I’m the GM of Legal, Ministerial, Monitoring and Compliance. The Legal team (pictured) provides advice and enables the organisation to deliver its key initiatives and functions. My other three teams (not pictured) are Ministerial, Monitoring and Compliance. Ministerial is responsible for engagement with the Minister’s office and OIAs. The Monitoring team monitors the industry for competitiveness, efficiency and reliability. The Compliance team is responsible for educating, monitoring, investigating and enforcing industry compliance.
What do you do to enhance the influence of the in-house legal function across the organisation?
My main focus for the legal team initially was about being part of the team helping to deliver the organisation’s outcomes. I really like the way Una Jagose QC, the Solicitor General, describes lawyers as a profession of problem solvers – that’s exactly how I see it. I believe if you are part of the team, with shared accountability for solving the problem, your influence is greater than a lawyer who sits back and waits to the end to veto ideas. My team is approachable, engaged and prepared to pitch in. As a result, internal clients want their advice.
What do you see as the key challenges facing the team and how do you plan to address these?
Like probably all in-house legal teams, we have more work than we can do. It’s all interesting, complex and relevant which is a great challenge to have. We’re pulling all the levers you’d expect – empowering internal clients, leveraging externals as needed and expanding the team.
What do you do to prioritise the work of the legal team towards high value/high risk work and out of lower-level work?

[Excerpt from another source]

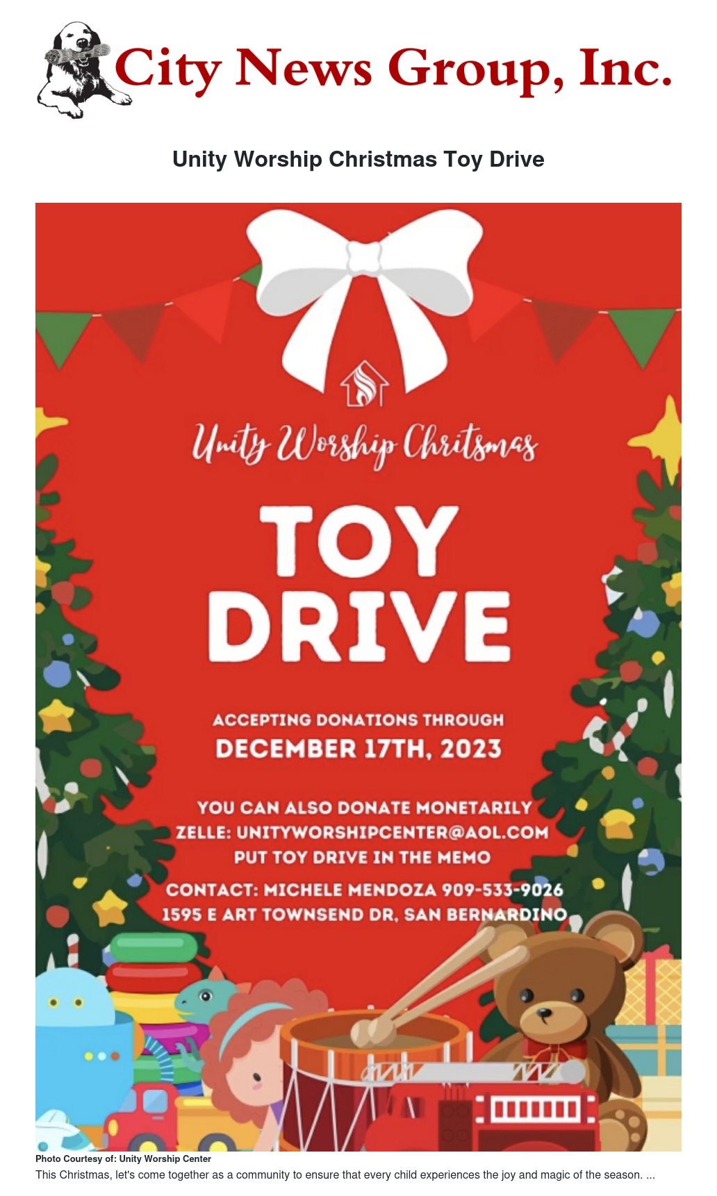 Unity Worship Center is Spreading Joy this Christmas Season by hosting their annual Christmas Toy Drive. As the festive season approaches, our hearts are filled with love, kindness, and a deep desire to make a positive impact in our communities. This Christmas, we at Unity Worship Center are excited to spread the holiday joy and bring smiles to children's faces through our annual Toy Drive. Leader and Pastor, Tim Arroyo has been wholeheartedly committed to ensuring that every child in our community experiences the magic and joy of Christmas regardless of their circumstances. Last year Unity Worship Center was able to serve over 50 unprivileged families, this year we are determined to expand our reach and connect with more families in need. Unity Worship Center is reaching out to our wonderful community to join forces and make a difference in the lives of children. If you are interested in donating and contributing to our Toy Drive or for more information on attending, please contact Michelle Mendoza / Event Coordinator at: (909)533-9026.

Having worked in large corporates with stretched legal teams I was pretty used to the challenge of reducing involvement in lower-level work. When I started here there was some low hanging fruit which we dealt with early on with templates. We can do a bit more with training, tools and empowering our internal clients but for the most part the team’s work is in the high value space, which means prioritisation is key. I’m a big supporter of technology to help too – in my last job my team leveraged technology to help and that’s always a good tool to have in the toolkit.
Boldness is one of the values of the Electricity Authority – how does this impact how the legal team communicates and acts?
Being bold means thinking creatively, understanding your organisation’s risk tolerance and making recommendations with that context in mind. The team is not afraid to deliver the best advice even if that advice is not the answer people want to hear.